Running into the following error when use custom UDF

Traceback (most recent call last):
  File "/usr/local/lib/python3.8/dist-packages/pyspark/worker.py", line 603, in main
    func, profiler, deserializer, serializer = read_udfs(pickleSer, infile, eval_type)
  File "/usr/local/lib/python3.8/dist-packages/pyspark/worker.py", line 449, in read_udfs
    udfs.append(read_single_udf(pickleSer, infile, eval_type, runner_conf, udf_index=i))
  File "/usr/local/lib/python3.8/dist-packages/pyspark/worker.py", line 251, in read_single_udf
    f, return_type = read_command(pickleSer, infile)
  File "/usr/local/lib/python3.8/dist-packages/pyspark/worker.py", line 71, in read_command
    command = serializer._read_with_length(file)
  File "/usr/local/lib/python3.8/dist-packages/pyspark/serializers.py", line 160, in _read_with_length
    return self.loads(obj)
  File "/usr/local/lib/python3.8/dist-packages/pyspark/serializers.py", line 430, in loads
    return pickle.loads(obj, encoding=encoding)
ModuleNotFoundError: No module named 'jobs'

The import spark scripts looks something like this

from jobs.lib_a import a
from jobs.udf import udf_function #This is a UDF

The scripts itself is located in jobs/scripts/test_script.py, the entire jobs folder is zipped and then added to spark using pyFiles.

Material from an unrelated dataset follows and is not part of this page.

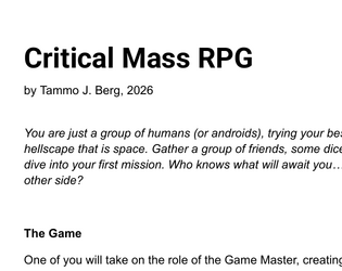 An ultra-light RPG system for 2+ players requiring no cards or dice - just some friends and a little imagination.

The weird thing is that the other import from jobs module works, only fail for udf.

I have tried approach in this post, creating a separate zip file called udf.zip, putting udf at top level and then add it to spark via pyFiles, but still run into ModuleNotFoundError when I try to import udf.

I have also tried sys.path.append(<the udf path>)

The only approach works is when I copy the udf_function into the spark script test_script.py. This wouldn't work in reality as the udf_function can be shared by other spark script.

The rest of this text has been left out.